The field of neural networks is rapidly advancing, with a focus on improving the approximation capabilities of various architectures. Recent research has demonstrated that transformers can overcome the curse of dimensionality, and new techniques have been proposed to enhance the expressive power of these models. For instance, the use of normalizing flows and autoregressive models has shown promise in improving the performance of Bayesian optimization and generative modeling.
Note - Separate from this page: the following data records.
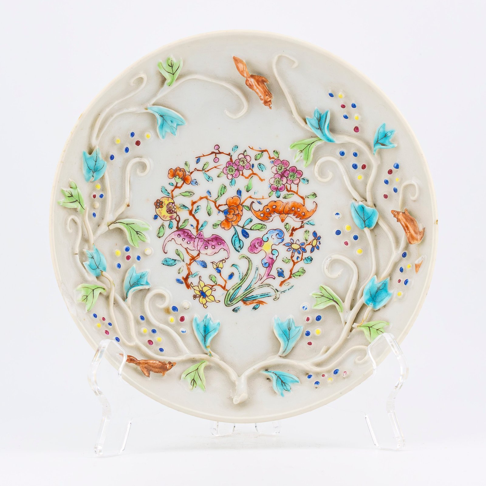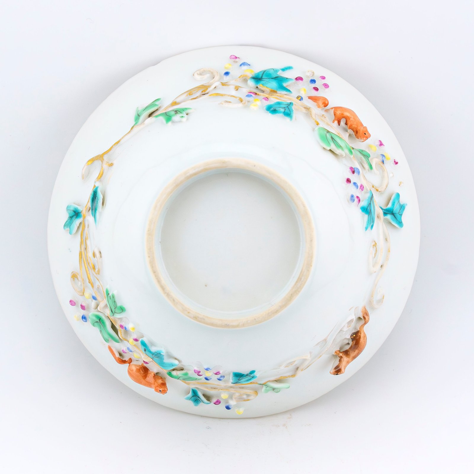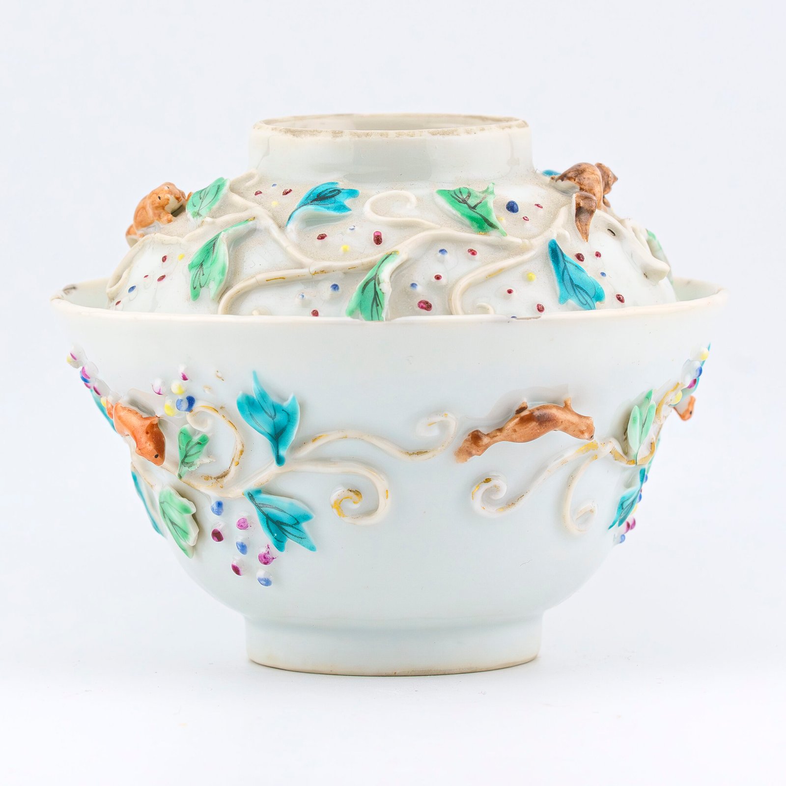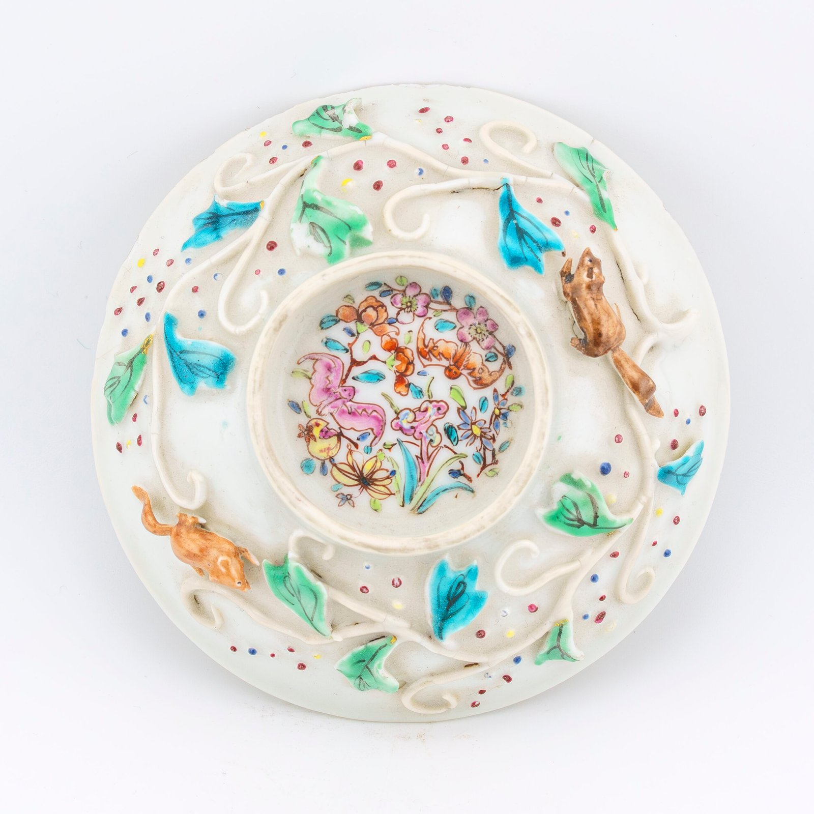 🅂 Subject Famille Rose floral painting with applied relief squirrels and scrolling branches
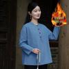 Women's Retro Chinese Style Patchwork Top: Cotton Linen with Fleece, Stand Collar, and Frog Button — cumpără ieftin în cadrul magazinului online Joom
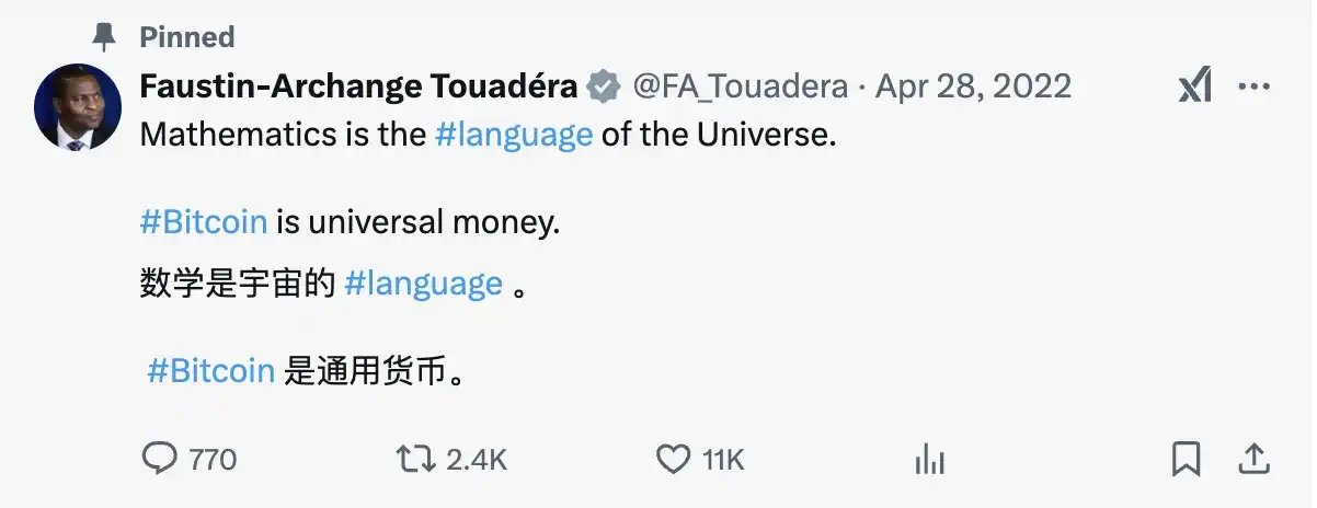 无论如何,加密货币主流化的进程还将以类似的代币风波与 ETF 基金等奇正相辅的途径继续,每个人既是参与者,也是见证者。正如中非总统 Faustin-Archange Touadéra X 平台官方账号置顶推文说的那样:「比特币是通用货币」。

Furthermore, the development of conformalized methods has enabled the provision of uncertainty quantification and statistical guarantees in synthetic data generation. Noteworthy papers include: Transformers Can Overcome the Curse of Dimensionality, which investigates the approximation of Holder continuous functions by transformers. Latent Bayesian Optimization via Autoregressive Normalizing Flows, which proposes a normalizing flow-based approach to Bayesian optimization. Statistical Guarantees in Synthetic Data through Conformal Adversarial Generation, which presents a framework for generating synthetic data with provable statistical guarantees.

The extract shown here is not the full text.